Copy the lines below, word for word, from the first through the line containing "For many types". Leave the pictures out.

####

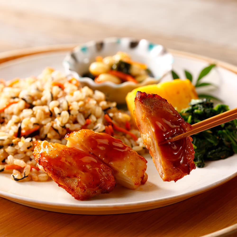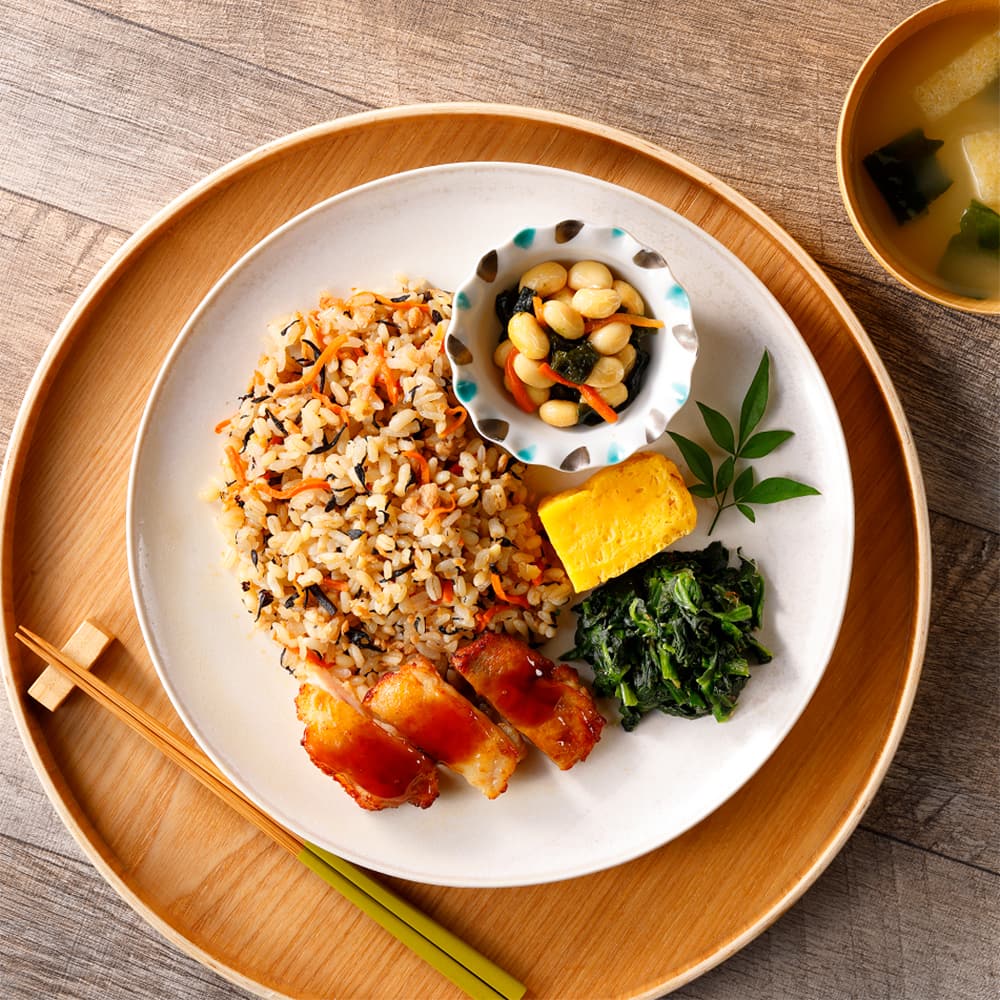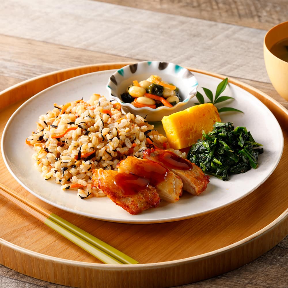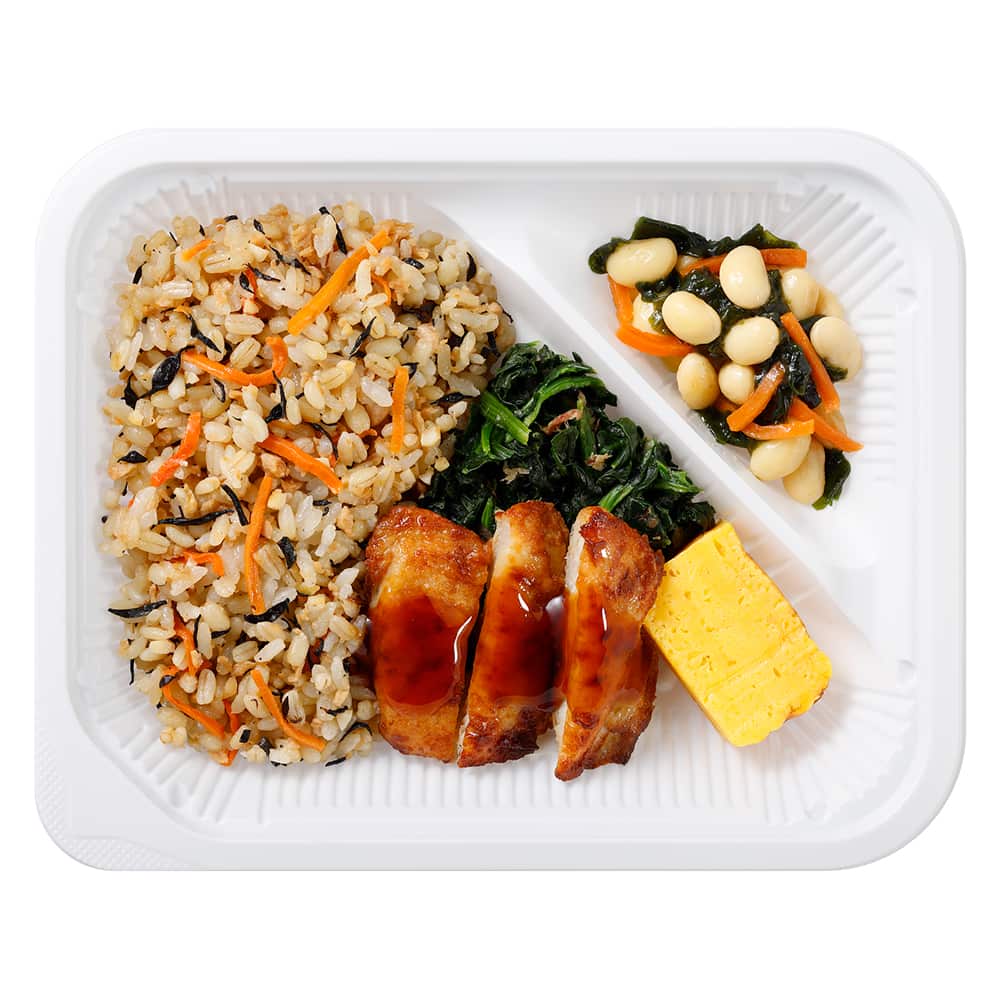 米(国産)、鶏肉加工品(鶏肉、でん粉、酒、植物油脂、食塩、粉末卵白、ぶどう糖、粉末状植物性たん白、小麦粉、にんにくペースト、香辛料、コーンフラワー、しょうが汁、米粉、脱脂粉乳)、大麦(もち麦)、野菜(ほうれん草、にんじん)、大豆、厚焼き卵(鶏卵、砂糖、植物油脂、みりん、酢、しょうゆ、食塩、かつおだし)、ひじき、しょうゆ、わかめ、しょうゆだれ、粒状植物性たん白、植物油脂、砂糖、みりん風調味料、酒、コラーゲンペプチド、かつおぶしエキスパウダー、かつお削りぶし/加工でん粉、グリシン、増粘剤(加工でん粉)、調味料(アミノ酸等)、リン酸塩(Na)、キシロース、着色料(カラメル、カロチノイド)、乳化剤、タウマチン、(一部に小麦・卵・乳成分・さば・大豆・鶏肉・ゼラチンを含む)お気に入りとは
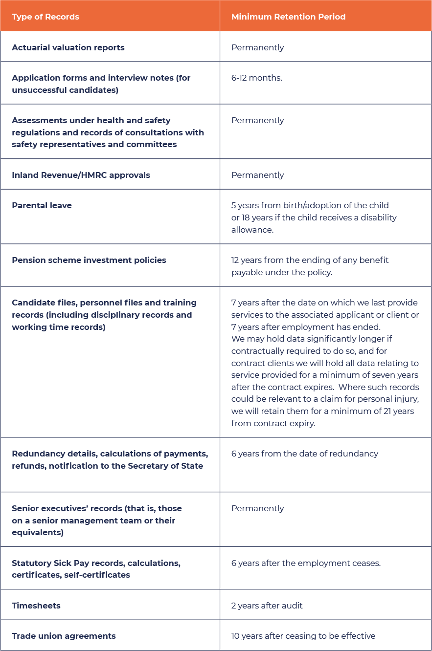 For many types of HR records, there is no definitive retention period and we are entitled to decide how long to keep them. Fillmore Recruitment Ltd has based our records retention periods below on the time limits for potential UK tribunal or civil claims and guidance in the Conduct of Employment Agencies and Employment Businesses Regulations 2003. The UK Limitation Act 1980 contains a 6-year time limit for starting many legal proceedings, so where documents may be relevant to a contractual claim, we will keep these records for at least this period. Other records may be retained longer or permanently. These retention periods are in line with CIPD recommendations.
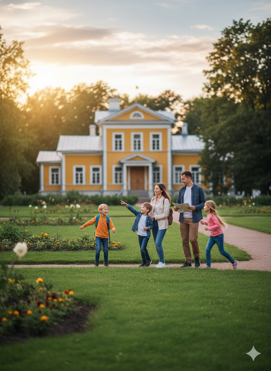 В доме сохранились гостиная с роялем, кабинет и другие комнаты — экскурсия проходит по живому пространству, а не по музейным витринам. На территории — старинный парк для прогулок и концертный зал, где регулярно звучит живая музыка. В детском центре музея проводятся интерактивные занятия для школьников — дети угадывают мелодии и мастерят поделки по мотивам балетов.
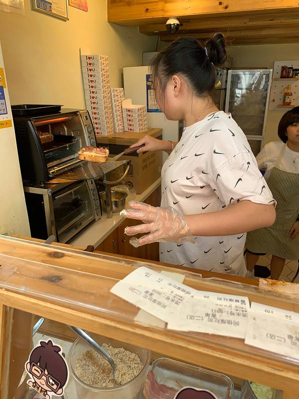 看店名就知道这家店主营的是吐司,店内的墙上画着五月天的Q版卡通形象,放的是五月天的音乐,连老板本人长...
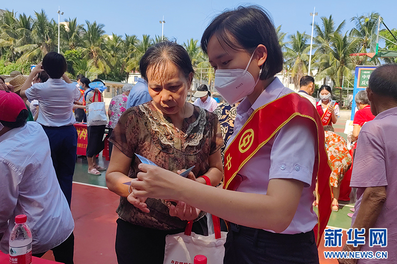 海南中行员工进社区给老年客户宣讲金融安全知识。新华网发
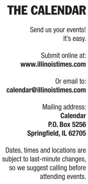 Steam Show and Fall Festival Days Sep 27-29, 7am gates open, Flea market, demos, displays, entertainment, mag repair and swap tent, antique tractor and horse pull. $5 wristbands good for all three days. Kids under 12 free. Prairie Land Heritage Museum, 1005 West Michigan, South Jacksonville, 494-7105 or 673-4921. Books & Authors Banned Books Readings Sep 25, 1-2:30pm, Students and faculty will read selections. Free in A. Lincoln Commons. Lincoln Land Community College, 5250 Shepherd Rd, 217-786-2200. Poets in the Parlor Sep 21, 2-4pm, Erika Eckart and Justin Hamm. Free. Vachel Lindsay Home State Historic Site, 603 S. 5th St, 217-524-0901.
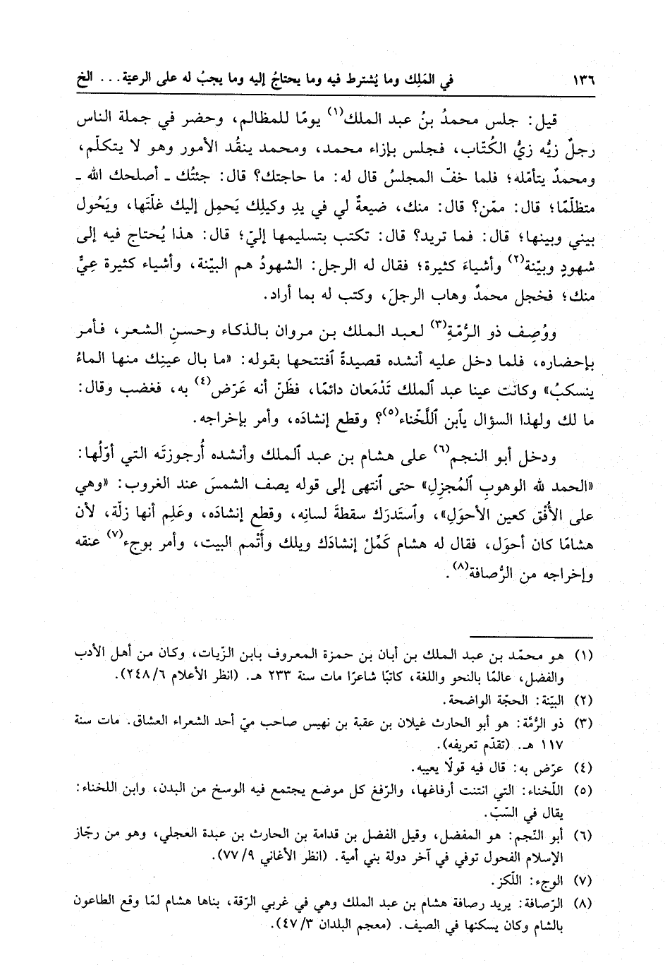 قيل : جلس محمد بن عبد الملك يوما للمظالم ، وحضر في جملة الناس رجلٌ زيه زي الكتاب ، فجلس بإزاء محمد ، ومحمد ينقد الأمور وهو لا يتكلم ، ومحمدٌ يتأمله ؛ فلما خف المجلس قال له : ما حاجتك ؟ قال : جئتك - أصلحك الله - متظلما ؛ قال : ممن ؟ قال : منك ، ضيعةٌ لي في يد وكيلك يحمل إليك غلتها ، ويحول بيني وبينها ؛ قال : فما تريد ؟ قال : تكتب بتسليمها إلي ؛ قال : هذا يحتاج فيه إلى شهودٍ وبينة وأشياء كثيرة ؛ فقال له الرجل : الشهود هم البينة ، وأشياء كثيرة عي ؟ منك ؛ فخجل محمدٌ وهاب الرجل ، وكتب له بما أراد .
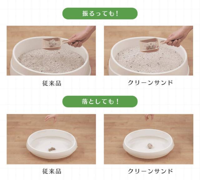 - 梅雨に入ったせいなのかロットのせいかは分かりませんが、猫砂交換した所、回収の際固まっておらずスコップから全部落ちます。同商品(ロット違い)の交換前は固まっていたのですが……
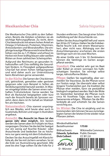 SAFLAX – Geschenk – Set – Kräuter – Mexikanische Chia (Salvia hispanica) – 500 Samen – Mit Geschenk- und Versandbox, Geschenkkarte, Anzuchtsubstrat und Versandaufkleber – Aufgrund der technischen Begrenzung von amazon können wir hier leider nicht unsere ausführlichen Informationen darstellen. Bei den Bildern zum Artikel finden Sie aber eine Abbildung der Rückseite unserer Samenkarte mit allen Texten.Bildnachweis:Nachfolgende Bildnachweise in der Darstellungsreihenfolge von oben nach unten bzw. von rechts nach links in der Lightbox.Amazon gestattet keine direkten Links. Die Links zu den einzelnen Lizenzen werden daher als Text angegeben.47530-32-31-salvia-hispanica – Edwards, Sydenham – Public domain – http://creativecommons.org/licenses/publicdomain/12403-Geschenkkarton-Sticker-Postkarte-Kokossack-und-Text.jpg – © Saflax – – 17530-K-VS.jpg – © Saflax – – 17530-K-RS.jpg – © Saflax – – – – – – – – – – – – – – – – –
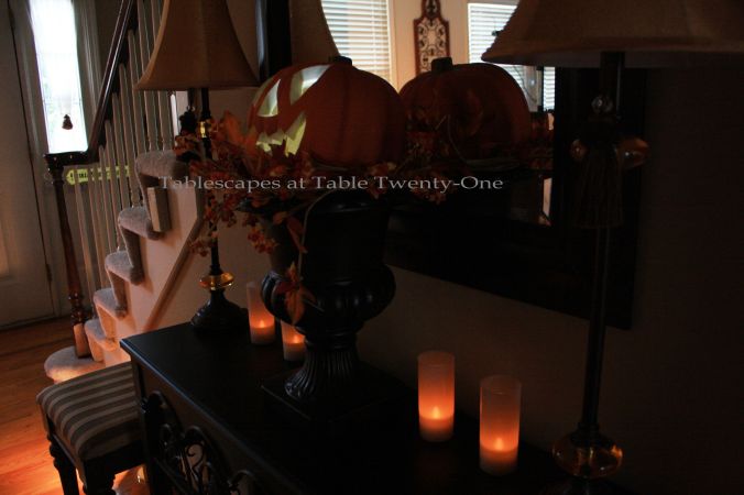 The foyer table just beneath the stairwell is quietly aglow with an uplit pumpkin on a black urn and a few LED candles. I used LED candles throughout for safety’s sake.

####

_Answer for the task_:
 米(国産)、鶏肉加工品(鶏肉、でん粉、酒、植物油脂、食塩、粉末卵白、ぶどう糖、粉末状植物性たん白、小麦粉、にんにくペースト、香辛料、コーンフラワー、しょうが汁、米粉、脱脂粉乳)、大麦(もち麦)、野菜(ほうれん草、にんじん)、大豆、厚焼き卵(鶏卵、砂糖、植物油脂、みりん、酢、しょうゆ、食塩、かつおだし)、ひじき、しょうゆ、わかめ、しょうゆだれ、粒状植物性たん白、植物油脂、砂糖、みりん風調味料、酒、コラーゲンペプチド、かつおぶしエキスパウダー、かつお削りぶし/加工でん粉、グリシン、増粘剤(加工でん粉)、調味料(アミノ酸等)、リン酸塩(Na)、キシロース、着色料(カラメル、カロチノイド)、乳化剤、タウマチン、(一部に小麦・卵・乳成分・さば・大豆・鶏肉・ゼラチンを含む)お気に入りとは
 For many types of HR records, there is no definitive retention period and we are entitled to decide how long to keep them. Fillmore Recruitment Ltd has based our records retention periods below on the time limits for potential UK tribunal or civil claims and guidance in the Conduct of Employment Agencies and Employment Businesses Regulations 2003. The UK Limitation Act 1980 contains a 6-year time limit for starting many legal proceedings, so where documents may be relevant to a contractual claim, we will keep these records for at least this period. Other records may be retained longer or permanently. These retention periods are in line with CIPD recommendations.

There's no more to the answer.